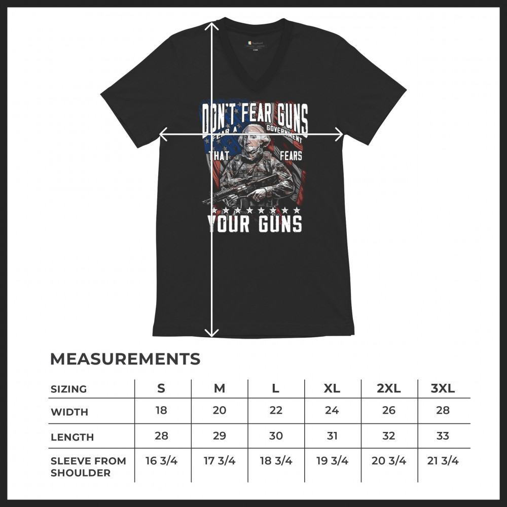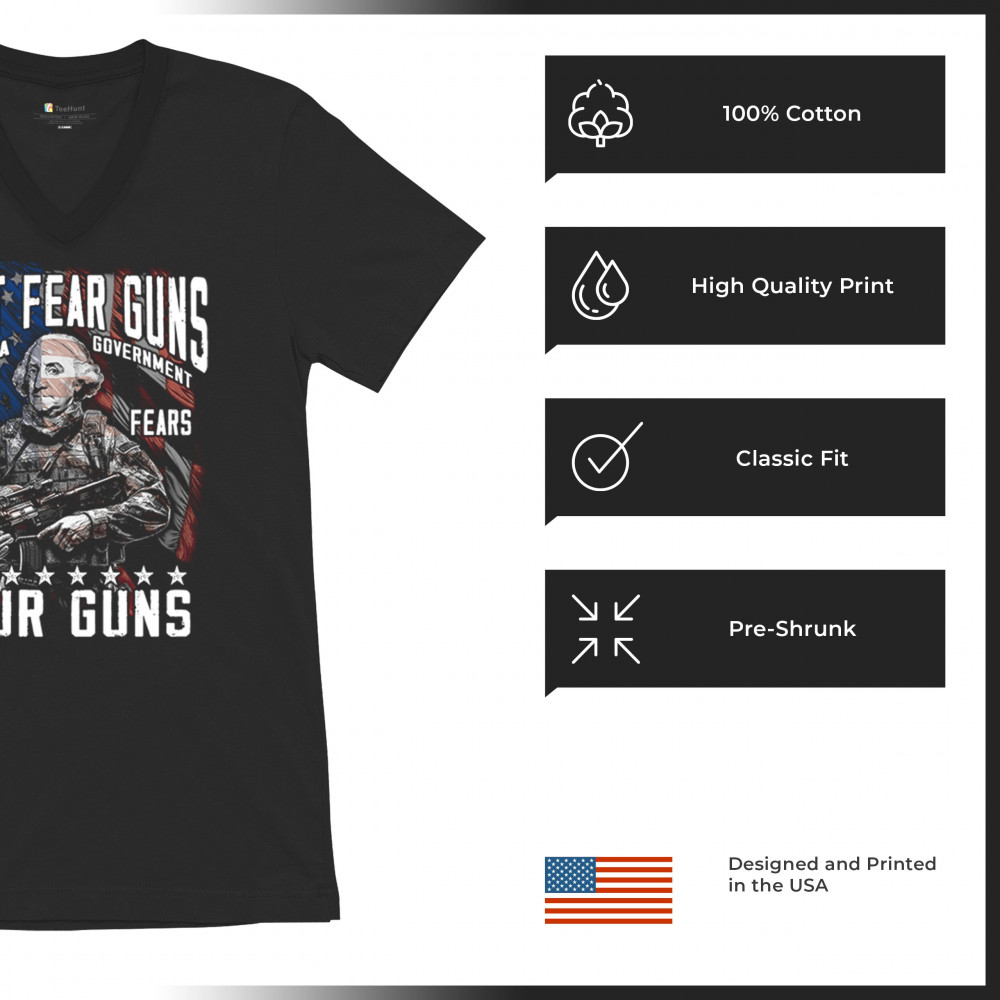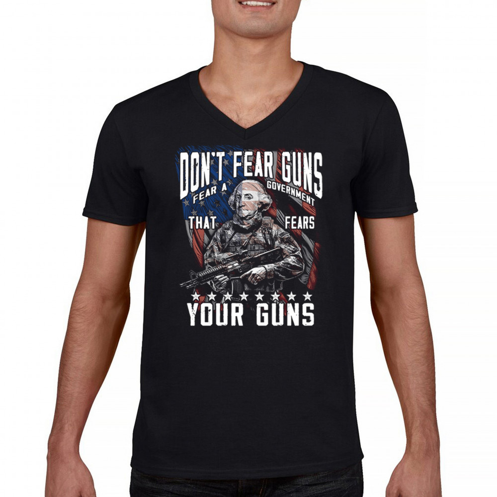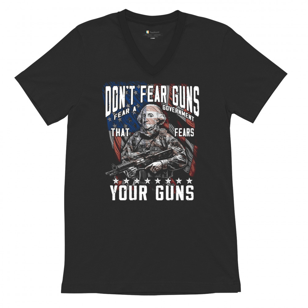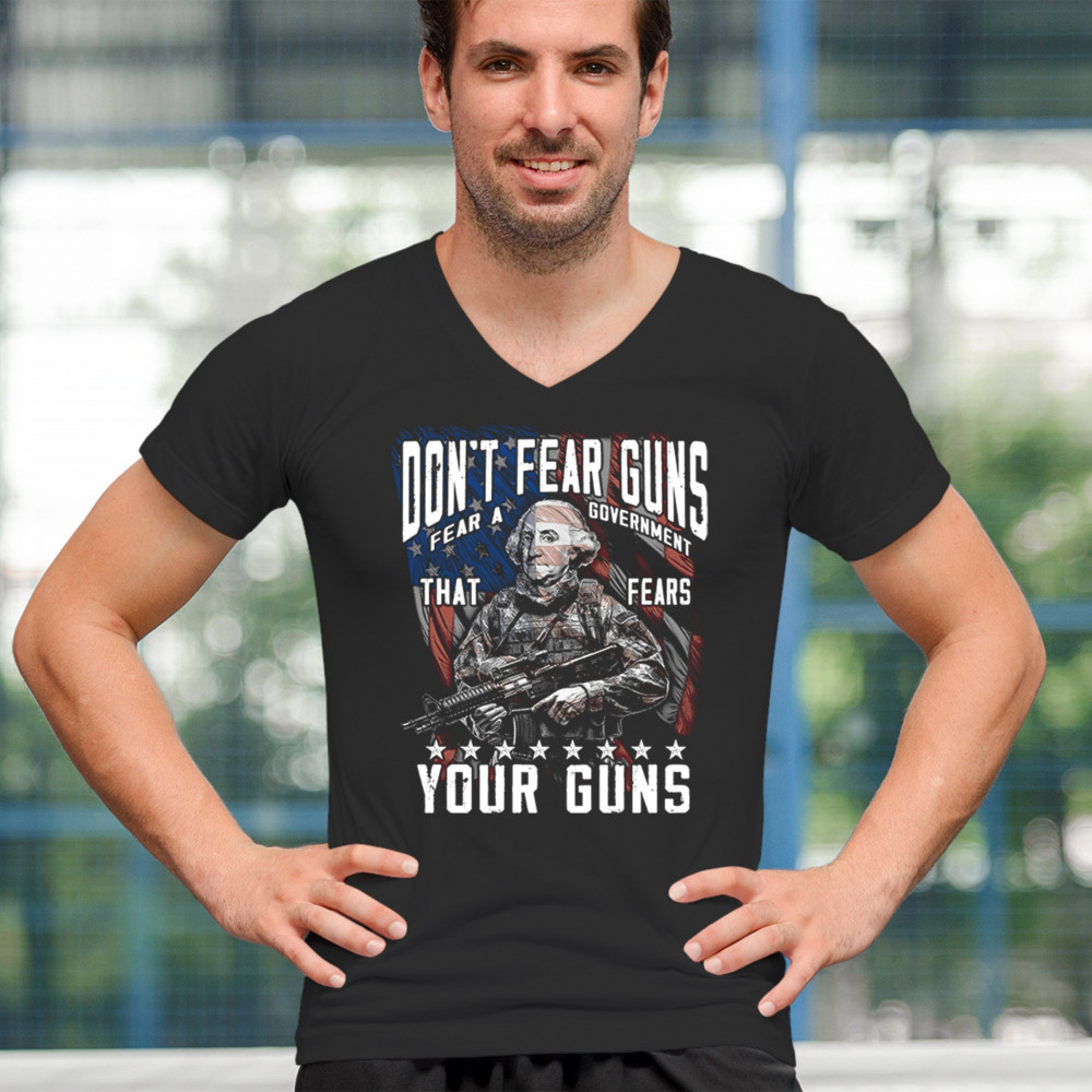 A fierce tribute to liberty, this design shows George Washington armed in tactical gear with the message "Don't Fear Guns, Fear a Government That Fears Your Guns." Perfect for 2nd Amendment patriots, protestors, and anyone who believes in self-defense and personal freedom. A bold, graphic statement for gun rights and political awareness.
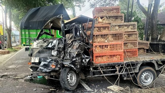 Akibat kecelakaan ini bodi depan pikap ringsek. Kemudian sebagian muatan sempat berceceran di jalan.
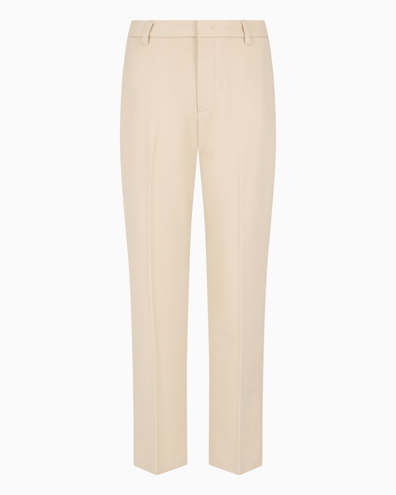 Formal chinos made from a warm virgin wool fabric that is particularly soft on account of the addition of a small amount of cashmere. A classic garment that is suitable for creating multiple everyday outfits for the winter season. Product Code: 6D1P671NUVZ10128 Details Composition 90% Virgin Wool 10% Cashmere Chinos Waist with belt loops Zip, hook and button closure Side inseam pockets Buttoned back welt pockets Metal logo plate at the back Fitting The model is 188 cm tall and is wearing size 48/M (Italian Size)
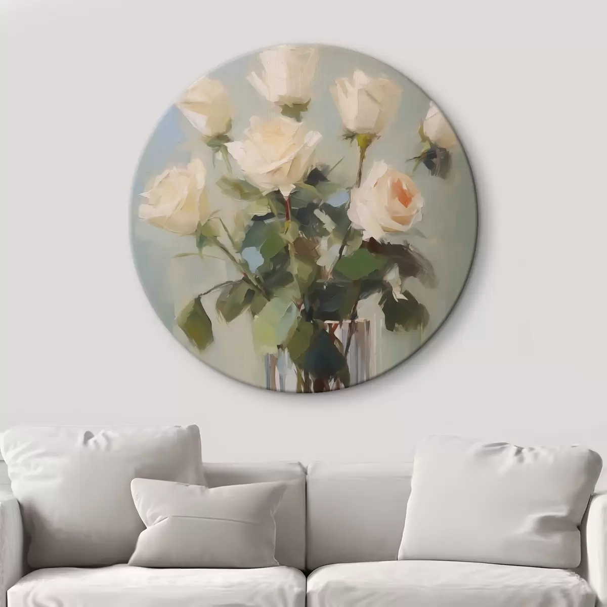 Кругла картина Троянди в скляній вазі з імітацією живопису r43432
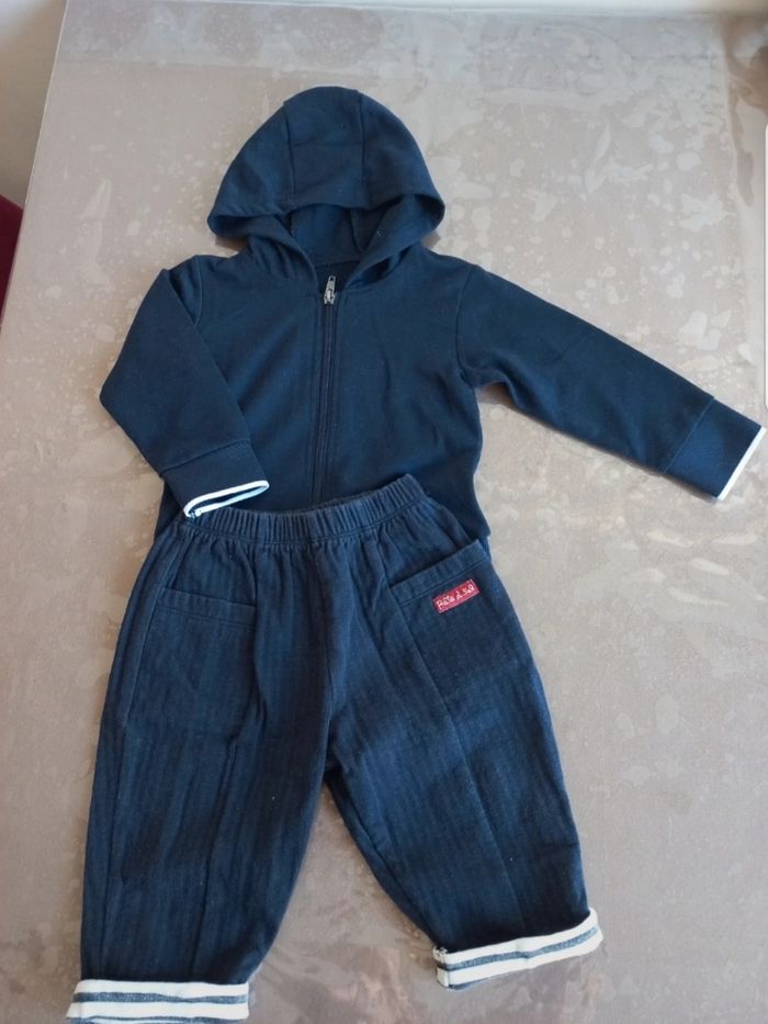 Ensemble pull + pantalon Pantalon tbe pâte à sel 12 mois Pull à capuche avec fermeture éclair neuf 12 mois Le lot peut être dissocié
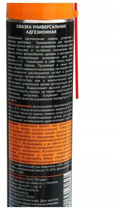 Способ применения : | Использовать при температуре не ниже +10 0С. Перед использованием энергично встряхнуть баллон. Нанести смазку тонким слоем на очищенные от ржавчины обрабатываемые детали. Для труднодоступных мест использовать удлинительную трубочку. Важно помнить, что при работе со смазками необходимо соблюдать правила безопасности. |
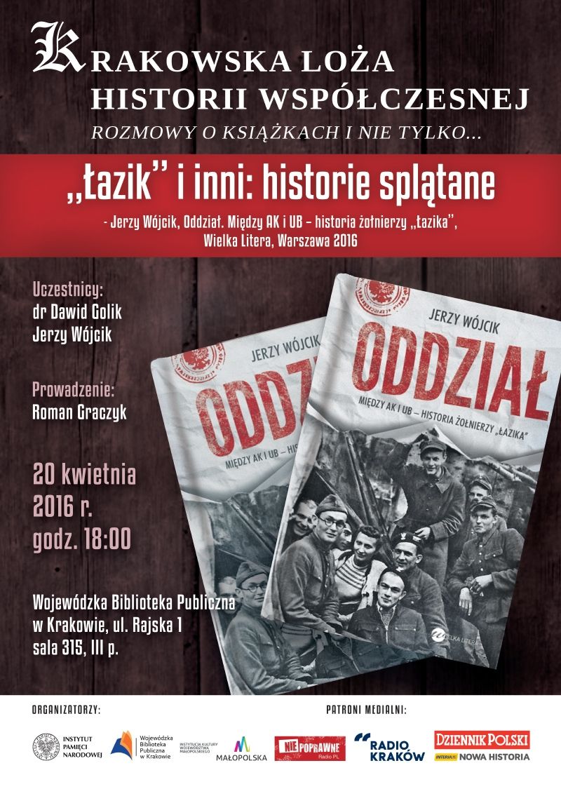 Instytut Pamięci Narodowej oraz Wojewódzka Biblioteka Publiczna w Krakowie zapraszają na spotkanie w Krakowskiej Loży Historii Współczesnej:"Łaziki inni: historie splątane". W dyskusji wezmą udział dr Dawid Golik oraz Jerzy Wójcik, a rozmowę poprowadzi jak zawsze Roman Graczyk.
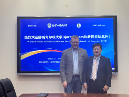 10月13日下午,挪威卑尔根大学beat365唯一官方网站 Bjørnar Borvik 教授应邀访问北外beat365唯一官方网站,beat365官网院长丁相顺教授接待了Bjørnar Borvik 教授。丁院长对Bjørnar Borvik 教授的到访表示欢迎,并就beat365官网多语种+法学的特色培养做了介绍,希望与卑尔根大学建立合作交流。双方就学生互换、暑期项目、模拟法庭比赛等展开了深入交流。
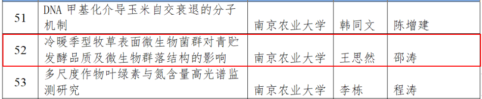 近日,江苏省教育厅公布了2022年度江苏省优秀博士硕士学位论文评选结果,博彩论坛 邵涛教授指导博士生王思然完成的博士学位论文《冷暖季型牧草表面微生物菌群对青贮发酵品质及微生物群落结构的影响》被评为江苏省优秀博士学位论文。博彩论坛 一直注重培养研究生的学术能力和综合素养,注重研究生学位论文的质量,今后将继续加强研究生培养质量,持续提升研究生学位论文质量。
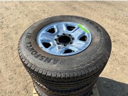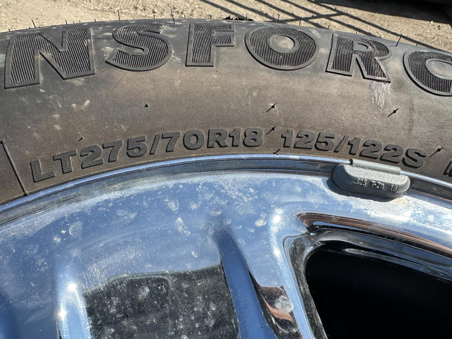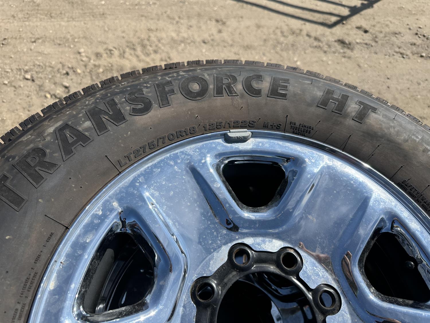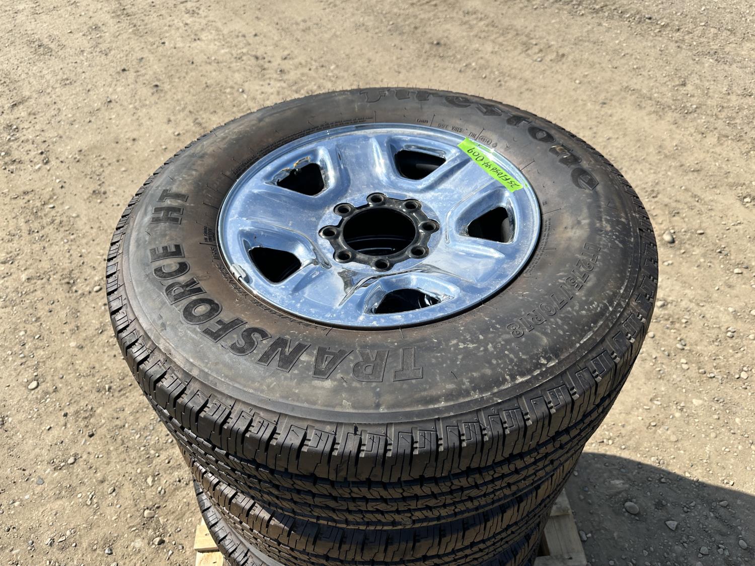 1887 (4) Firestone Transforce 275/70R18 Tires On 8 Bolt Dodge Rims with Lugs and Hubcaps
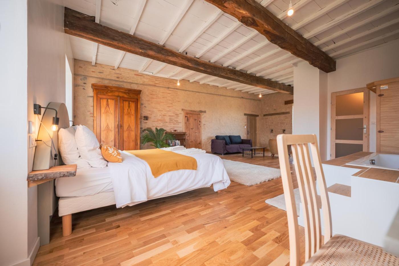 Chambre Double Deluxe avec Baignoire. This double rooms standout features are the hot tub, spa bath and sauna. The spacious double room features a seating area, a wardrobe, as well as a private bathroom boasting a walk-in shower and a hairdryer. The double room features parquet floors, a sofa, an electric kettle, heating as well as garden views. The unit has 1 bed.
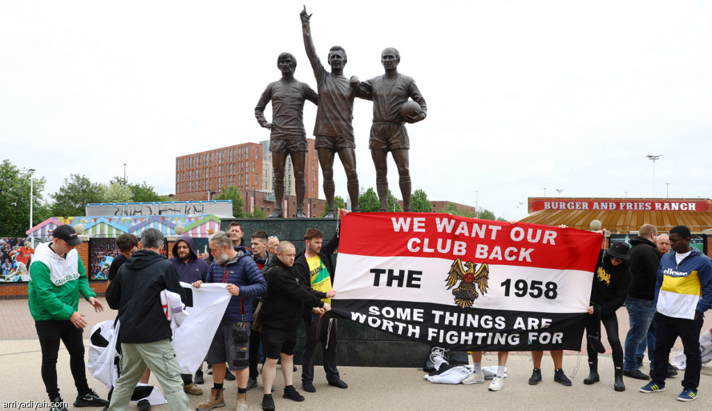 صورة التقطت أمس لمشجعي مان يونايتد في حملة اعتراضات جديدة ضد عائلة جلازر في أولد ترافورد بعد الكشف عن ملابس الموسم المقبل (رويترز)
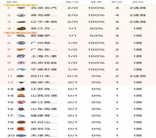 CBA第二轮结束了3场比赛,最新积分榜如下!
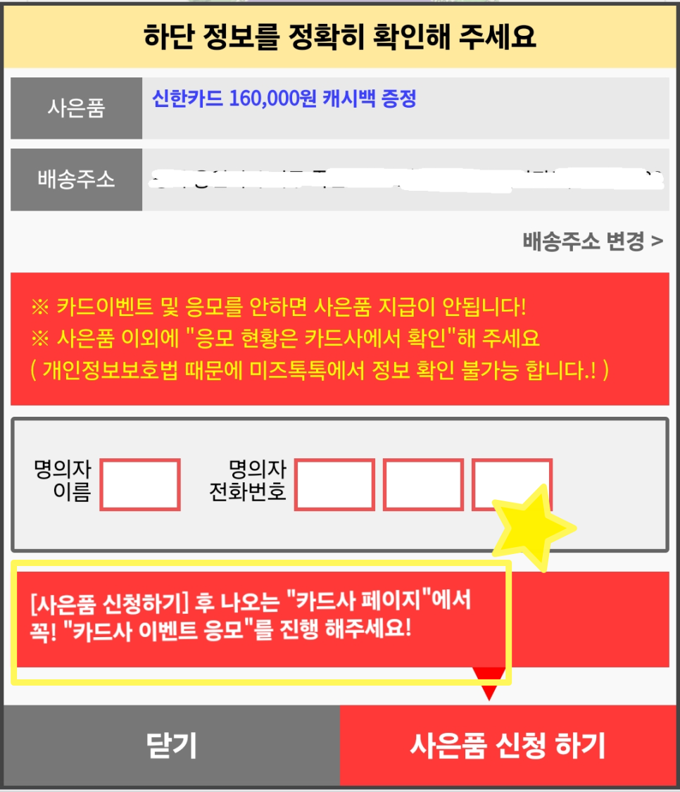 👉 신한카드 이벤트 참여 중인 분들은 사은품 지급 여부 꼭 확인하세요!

● ● ● ● ●

* **Instructions to follow**
In the copy, no pictures are to appear; write out exactly the lines from the one containing "CBA第二轮结束了3场比赛,最新积分榜如下!" through the end of the listing above and no further lines.

* **Answer box**
 CBA第二轮结束了3场比赛,最新积分榜如下!
 👉 신한카드 이벤트 참여 중인 분들은 사은품 지급 여부 꼭 확인하세요!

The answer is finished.